But as we went on to discuss the topic more, Mrs. K from the audience brought up an interesting point. She said, "I think we have forgotten an invaluable skill that we, as teachers, need to develop in our students.
This is the skill of being open-minded and accepting of differences." "Different is normal," shouted another gentleman from the group. Coincidentally, this was also a common theme in the morning’s keynote speech by Wade Davis.

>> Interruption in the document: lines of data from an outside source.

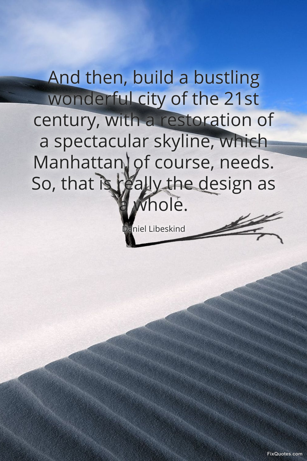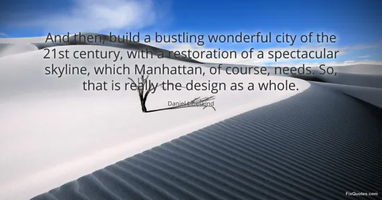 Libeskind, Daniel. (2026, January 17). And then, build a bustling wonderful city of the 21st century, with a restoration of a spectacular skyline, which Manhattan, of course, needs. So, that is really the design as a whole. FixQuotes. https://fixquotes.com/quotes/and-then-build-a-bustling-wonderful-city-of-the-64989/
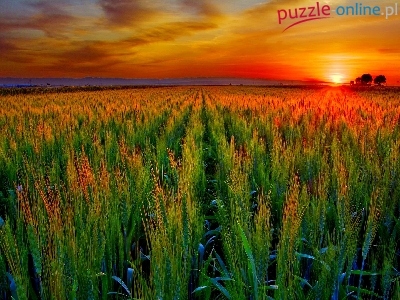 Farma, Zbóż, Zachód, Słońca, Kłosy
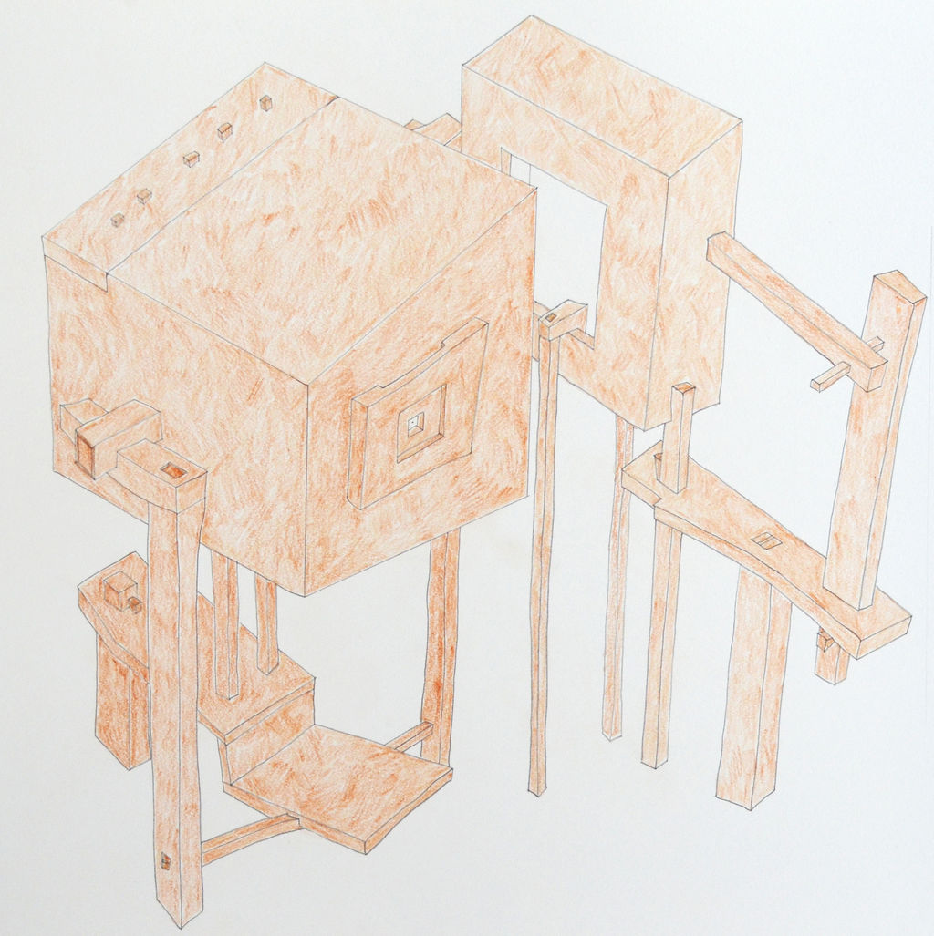 紙と鉛筆でモノとモノの取り合い、対峙関係を考え、木材を手でイジってハコを作り、ハコを使って撮影した写真の時折の意外な出来上がりにハッとし、また紙の上のドローイングでその驚きを描画する。そんないくつかの次元の行ったり来たりを、自分の身体の移動体験の中でとりくんでいる。
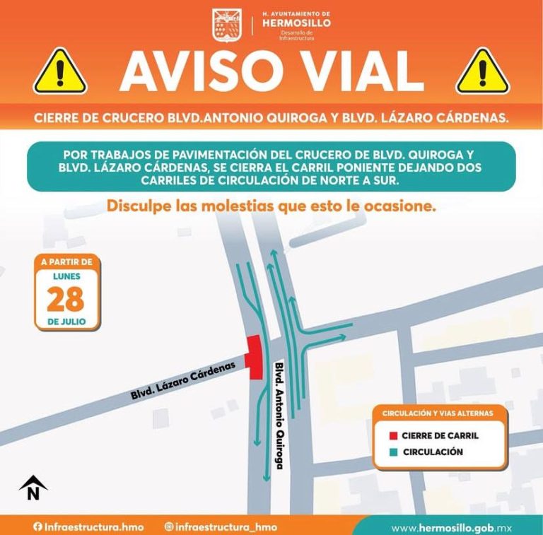 Debido al inicio de los trabajos de pavimentación con concreto hidráulico del cruce de los bulevares Quiroga y Lázaro Cárdenas, se cerrará el carril poniente a partir del lunes 28 de julio.

Mrs. K. brings up a good point, and I agree with the fact that being open-minded is becoming increasingly critical as many cultures around the world work and live together. Being closed-minded will increase conflict and ultimately cause failure, not success. But I don’t believe all is lost. When we look at the 21st century skills that Atomic Learning promotes, being open-minded can be infused in several of them. Let’s start with global awareness. As we develop the skill of being globally aware in our students, it should not only be about understanding the happenings in the world, but it should also be about the cultural reasons and background for these happenings. Next, let’s think about digital citizenship. Encouraging students to be more accepting of differences should help in reducing cyberbullying. Finally, let’s think about communication and collaboration. As students learn how to effectively communicate and collaborate with team members of different backgrounds and cultures, we teach them that they need to be open-minded if they hope to function as a productive team.
So here's my challenge to all teachers out there. As you continue to learn of new ways you can incorporate the development of 21st century skills into your curriculum, remember to inject the idea of being open-minded. Only then can we ensure that this 21st century skill is not forgotten.